Mohd. Salmi Md. Noorani

Copyright © 2003 Mohd. Salmi Md. Noorani. This is an open access article distributed under the Creative Commons Attribution License, which permits unrestricted use, distribution, and reproduction in any medium, provided the original work is properly cited.

Abstract

Let A:T→T be an ergodic automorphism of a finite-dimensional torus T. Also, let G be the set of elements in T with some fixed finite order. Then, G acts on the right of T, and by denoting the restriction of A to G by τ, we have A(xg)=A(x)τ(g) for all x∈T and g∈G. Now, let A˜:T˜→T˜ be the (ergodic) automorphism induced by the G-action on T. Let τ˜ be an A˜-closed orbit (i.e., periodic orbit) and τ an A-closed orbit which is a lift of τ˜. Then, the degree of τ over τ˜ is defined by the integer deg(τ/τ˜)=λ(τ)/λ(τ˜), where λ( ) denotes the (least) period of the respective closed orbits. Suppose that τ1,…,τt is the distinct A-closed orbits that covers τ˜. Then, deg(τ1/τ˜)+⋯+deg(τt/τ˜)=|G|. Now, let l¯=(deg(τ1/τ˜),…,deg(τt/τ˜)).

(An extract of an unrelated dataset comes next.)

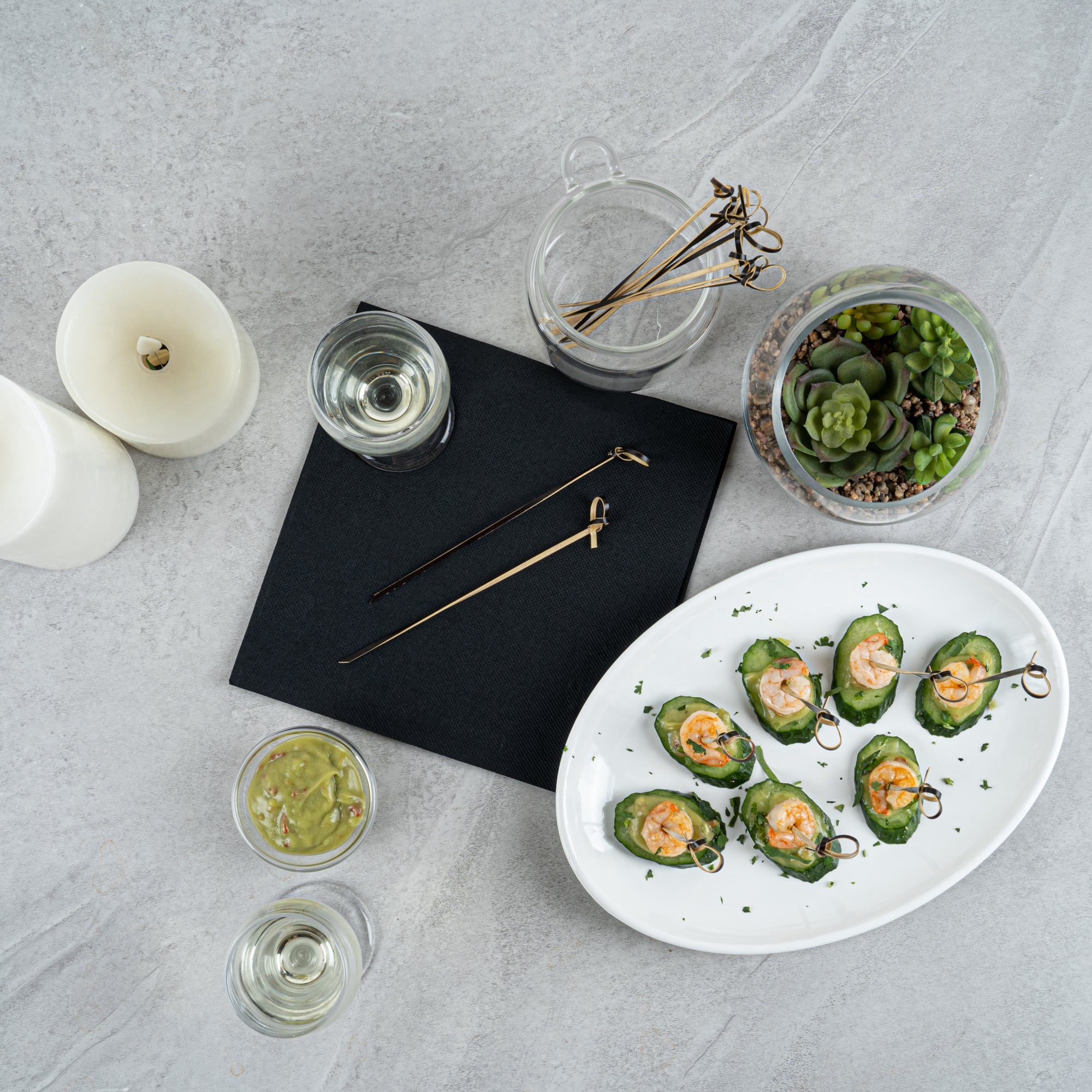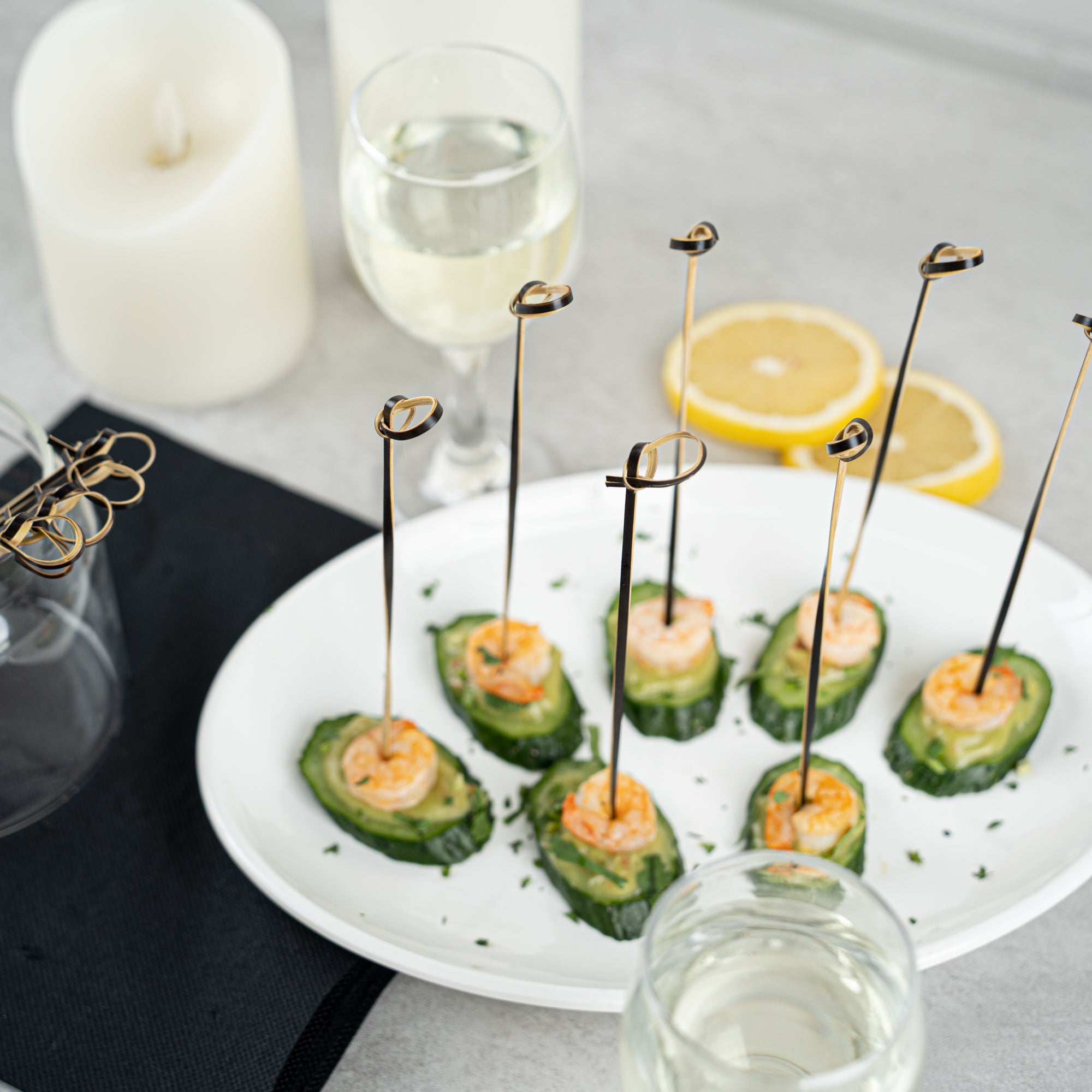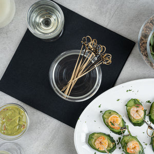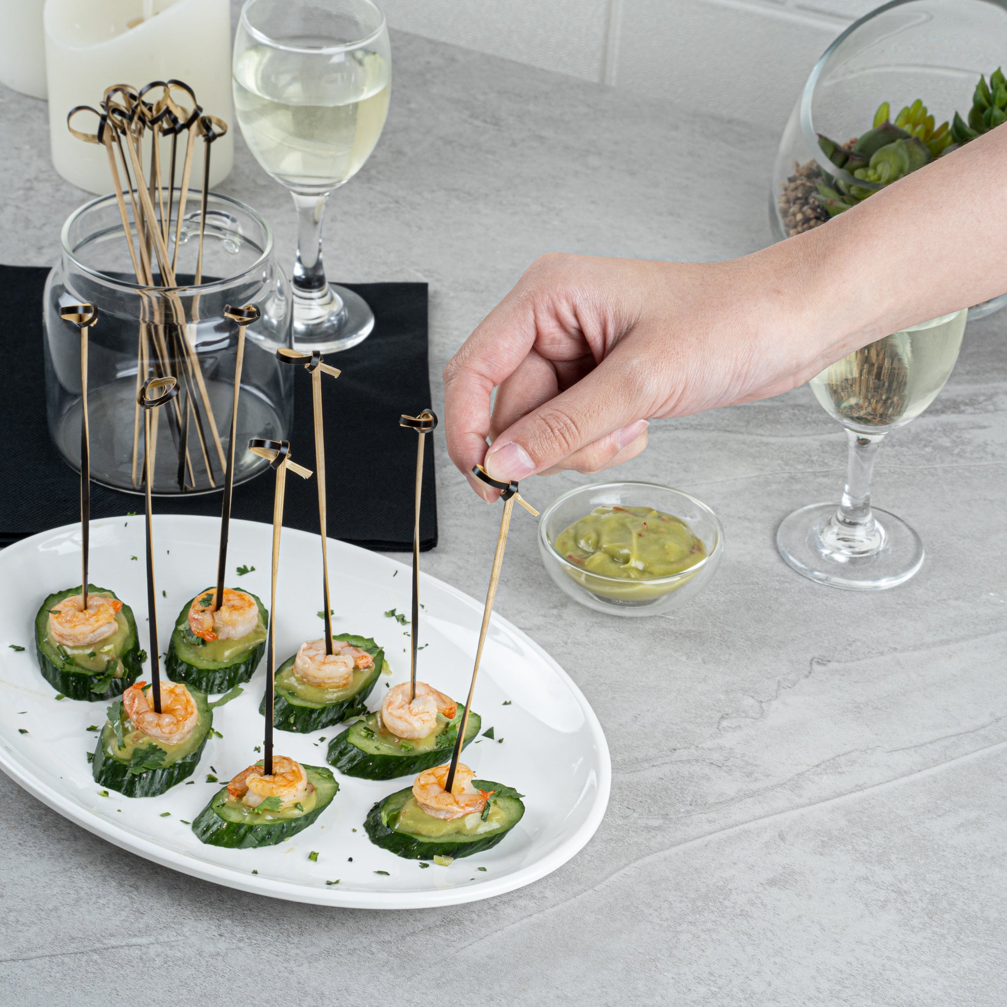 Bring a fun twist to your culinary presentations with our Pixy Black Bamboo Twisted Knot Picks. These bamboo picks, with their artistic knot design, will appeal to those seeking a unique way to showcase their gastronomic skills. Made from robust bamboo, these biodegradable fruit picks are durable and reliable, capable of withstanding any foodservice or catering challenge. With a pointed end, these commercially compostable food picks can effectively secure various kinds of food items for ease of serving. Suitable for warm and chilled dishes, these stylish picks are perfect for soirees, banquets, and other dining occasions. Featuring a convenient disposable design, these cocktail picks simplify the post-event cleaning process. Each skewer measures 6 inches in length, adding a stylish touch to your upcoming gatherings. Sold in a 1,000 count box.

Then, the previous equation implies that the t-tuple l¯ is a partition of the integer |G| (after reordering if needed). In this case, we say that τ˜ induces the partition l¯ of the integer |G|. Our aim in this paper is to characterize this partition l¯ for which Al¯={τ˜⊂T˜:τ˜ induces the partition l¯} is nonempty and provides an asymptotic formula involving the closed orbits in such a set as their period goes to infinity.